The MIT Energy Research Council

Engine on a chip promises to best the battery

MIT researchers are putting a tiny gas-turbine engine inside a silicon chip about the size of a quarter. The resulting device could run 10 times longer than a battery of the same weight can, powering laptops, cell phones, radios, and other electronic devices.

It could also dramatically lighten the load for people who can't connect to a power grid, including soldiers who now must carry many pounds of batteries for a three-day mission—all at a reasonable price.

The researchers say that in the long term, mass production could bring the per-unit cost of power from microengines close to that of power from today's large gas-turbine power plants.

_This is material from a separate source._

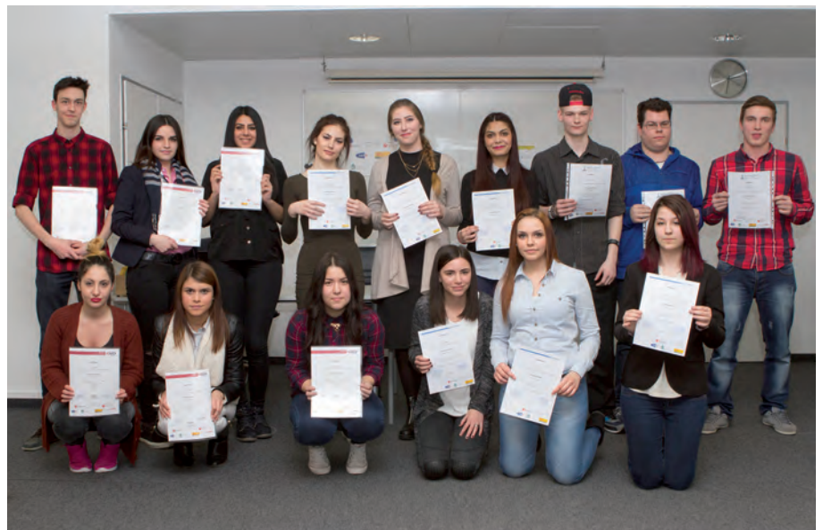
Die „Gesundheits-Buddys“ wurden dafür ausgebildet, Gesundheitswissen an ihre Alterskolleg/innen weiterzugeben.“

Davon ausgehend wurden gemeinsam Vorschläge für gesundheitsförderliche Maßnahmen entwickelt und viele davon wurden auch umgesetzt. So wurde zum Beispiel dafür gesorgt, dass in den Ausbildungsräumen für die Mädchen nun stets

Making things tiny is all the rage. The field—called microelectromechanical systems, or MEMS—grew out of the computer industry's stunning success in developing and using micro technologies. “Forty years ago, a computer filled up a whole building," said Professor Alan Epstein of the Department of Aeronautics and Astronautics. “Now we all have microcomputers on our desks and inside our thermostats and our watches."

While others are making miniature devices ranging from biological sensors to chemical processors, Epstein and a team of 20 faculty, staff, and students are looking to make power—personal power. “Big gas-turbine engines can power a city, but a little one could ‘power' a person," said Epstein, whose colleagues are spread among MIT's Gas Turbine Laboratory, Microsystems Technology Laboratories, and Laboratory for Electromagnetic and Electronic Systems.

Research Spotlight


Prof. Alan Epstein

Professor Alan Epstein holds tiny silicon components developed as part of the MIT program in microengine technology.